Он придирчиво посмотрел на них, как только что глядел на ковёр. И, встретив их тёмные глаза, он потупился, поймал языком кончик своего уса, окрашенного красной хной, и прикусил ус.
Всё это озарял последний, самый яркий луч, готовый вот-вот мгновенно и безвозвратно погаснуть…
Тимур счёл невозможным задерживаться здесь, хотя бы на одно лишнее мгновенье. Он вышел из палатки к шаху, поблагодарил его, скользнув ладонью около сердца, и пригласил на ковры, где готовился пир.
Халиль-Султан, следуя за ними, восхищался:
«Хороши проведчики у госпожи бабушки: прежде всех узнала, какими дарами порадует дедушку Ширван-шах. Оттого и сердилась весь день, с того самого часу, как прибыл Ширван-шах сюда в стан».

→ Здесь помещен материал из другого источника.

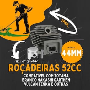 leia atentamente a descrição antes de comprar o produto - produto de alta qualidade e durabilidade. - produto compatível com modelos citados. - aconselha-se um para manutenção do seu equipamento. - imagens meramente ilustrativas. características Modelos: 52cc Diâmetro do cilindro: 44mm Compatibilidade: toyama, branco garthen, nakashi, trapp shindaiwa, kawashima, yamasaki e outras marcas. + informações 1. Alta qualidade: nossa kit cilindro e pistão de roçadeira é de alta qualidade, é resistente, durável e possui excelente resistência à oxidação. 2. Cilindro : acabamento requintado e desempenho estável, é o cilindro perfeito. Certifique-se da sua roçadeira ser de um modelo com 44mm que são a maioria das marcas do mercado de 52cc. 3. Dimensão: esse kit será um ótimo substituto para seus antigos ou quebrados que possuem 44mm para o pistão. 4 .Ampla aplicação: pode ser normalmente para roçadeiras, aparadores, cortadores de grama de múltiplas marcas. Basta conferir as informações das características com o que precisa. 5. 100% : prometemos a cada cliente uma satisfação de compra de 100%, sinta-se à vontade para entrar em contato conosco se tiver alguma dúvida sobre sua compra. Nós lhe daremos uma resposta e detalhada dentro de 24 horas. Clique para comprar agora 6.Embalagem: 1 cilindro + 1 pistão + 2 anéis + 1 pino + 2 travas do pino 7.Observação: as marcas citadas são apenas para referência de compatibilidade e não têm qualquer relação com a marca do anúncio e embalagem é ilustrativa. Marca: Não Informado

Халиль, видно, плохо знал бабушку, хотя она и вырастила его. Она втайне гордилась, как велик и великолепен гарем её мужа, где она владычествовала полнее и безграничнее, чем сам повелитель. А забавы с красавицами лишь возвышали мужа в её мнении: ими утверждалась молодость мужа, его сила, его мужская честь. Она не столь пренебрежительно относилась бы к Шахруху, если бы, восхищаясь прекрасными книгами, он не забывал, что и женщины прекрасны. Бабушка с детских лет твёрдо знала: «Мужчине надлежит быть лихим не только в битвах, не только в конных играх, но и в ненасытных состязаниях любовных утех! Истинный мужчина не может быть иным!» Другое её сердило. Её сердило, что проведчики Тимура оказались пронырливей, чем её люди. Её люди утром слышали, как самаркандские проведчики, выведав о плутнях Джильды, выболтали повелителю то, что она считала крепкой тайной.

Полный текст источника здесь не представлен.